- Based on: The Jungle Book by Rudyard Kipling
- Written by: Chuck Jones
- Directed by: Chuck Jones
- Starring: Roddy McDowall June Foray
- Music by: Dean Elliott
- Country of origin: United States
- Original language: English

Production
- Running time: 25 minutes

Original release
- Release: February 11, 1976

= Mowgli's Brothers (TV special) =

Mowgli's Brothers is a 1976 television animated special directed by American animator Chuck Jones. It is based on the first chapter of Rudyard Kipling's The Jungle Book. The special was narrated by Roddy McDowall, who also performs the voices of all the male characters in the film. June Foray was the voice of Raksha, the Mother Wolf. It originally aired on CBS on February 11, 1976.

The special was released on VHS, Betamax, and Laserdisc by Family Home Entertainment in 1985, and was released on VHS again in 1999 and on DVD in 2002 and 2007 by Lionsgate.

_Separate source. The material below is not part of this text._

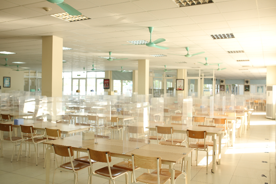Đặc biệt, sau mỗi bữa ăn hàng ngày, bộ phận Canteen tiến hành vệ sinh khử khuẩn toàn bộ khu vực nhà ăn (mặt bàn ăn, mặt ghế, sàn nhà), lau chùi sạch sẽ toàn bộ khu nấu, khu sơ chế… để đảm bảo vệ sinh.
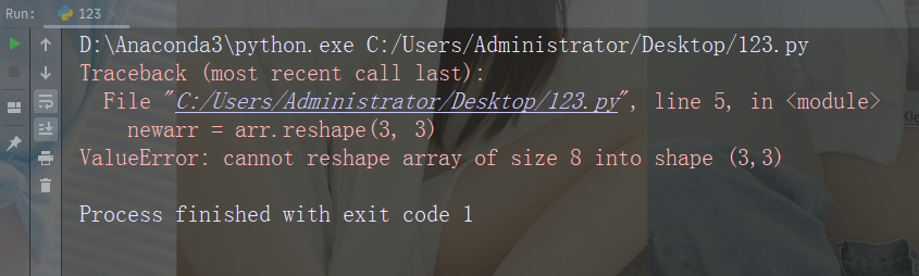 尝试将具有 8 个元素的 1D 数组转换为每个维度中具有 3 个元素的 2D 数组(将产生错误):

Jones also directed adaptations of two other The Jungle Book stories, "Rikki-Tikki-Tavi" and "The White Seal", in 1975.

==Plot==

Though largely a faithful adaptation of the story, there are some notable changes in Jones's version. Differences include expanded roles for Baloo and Tabaqui, and that Shere Khan is a white tiger without a lame leg.

== Reception ==
While researching for the special, Jones found out that Elsie Bambridge, Rudyard Kipling's daughter, was still alive. She expressed disdain for the 1967 Disney film, and praised Jones for pronouncing Mowgli's name properly.